WHAT IS REQUIRED | Exactly as written, please repeat the data that follows, but not the pictures.

GIVEN MATERIAL |
§ §

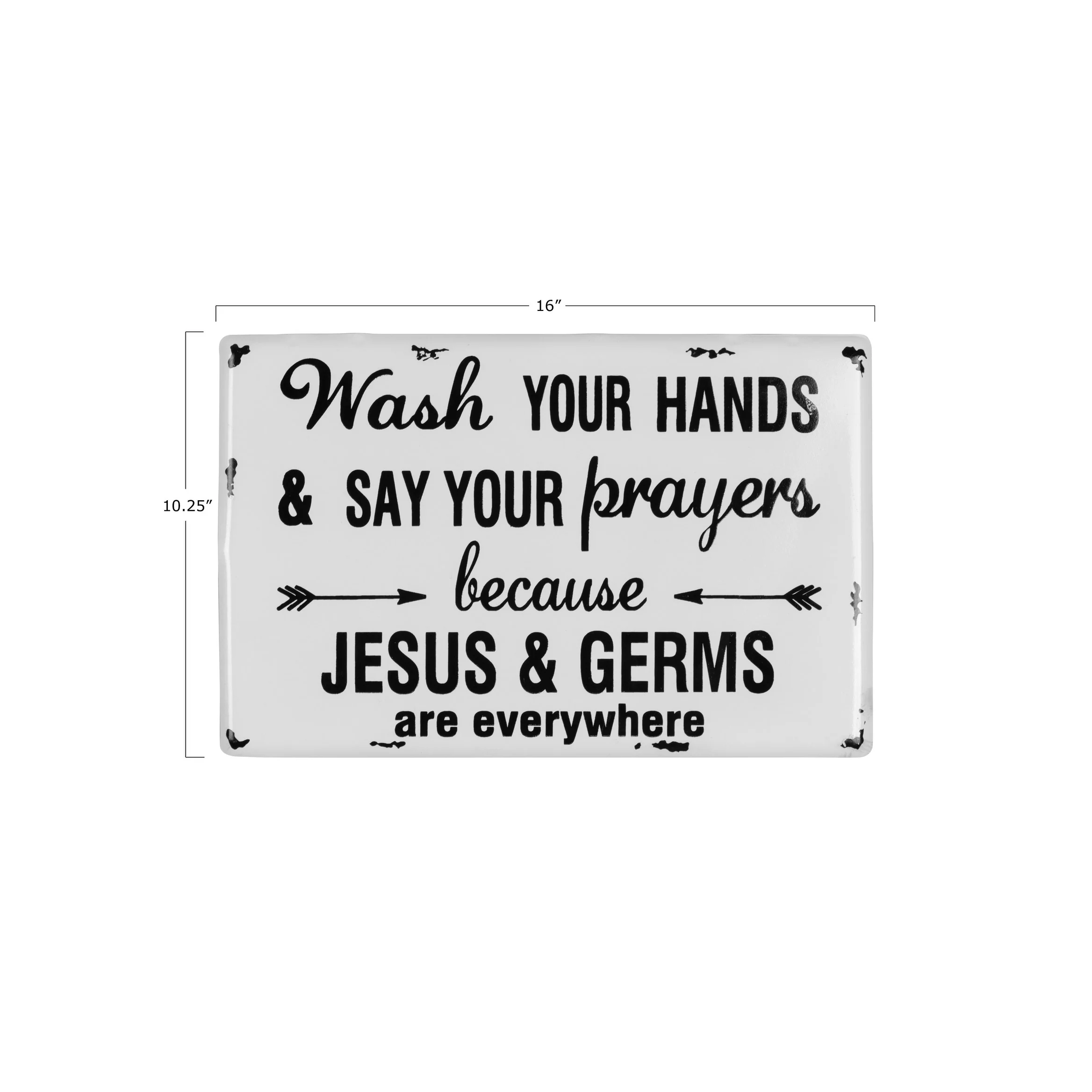 Wash Your Hands & Say Your Prayers Because Jesus & Germs are Everywhere Metal Wall Décor
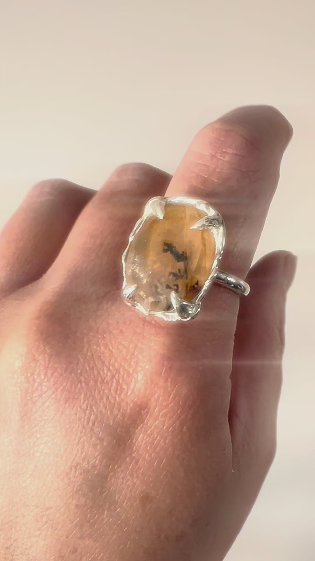 La montura está trabajada a mano con garras orgánicas que acompañan la forma de la gema, permitiendo que cada detalle interno permanezca visible.
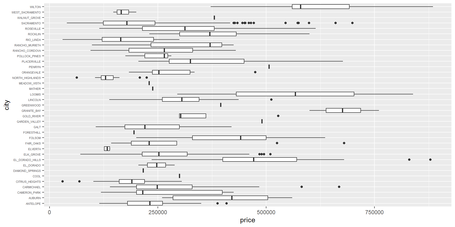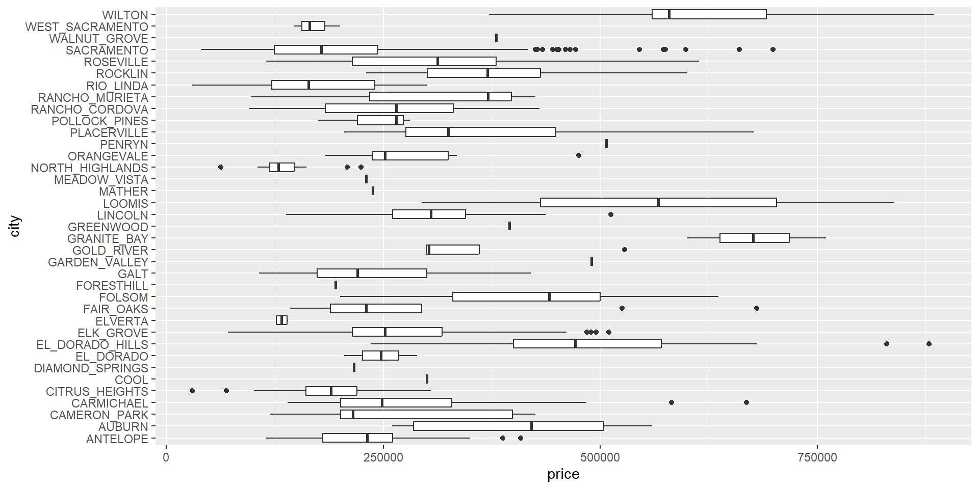ggplot(data=Sacramento,aes(x=city,y=price)) +

§ §

WRITTEN RESPONSE |
 Wash Your Hands & Say Your Prayers Because Jesus & Germs are Everywhere Metal Wall Décor
 La montura está trabajada a mano con garras orgánicas que acompañan la forma de la gema, permitiendo que cada detalle interno permanezca visible.
ggplot(data=Sacramento,aes(x=city,y=price)) +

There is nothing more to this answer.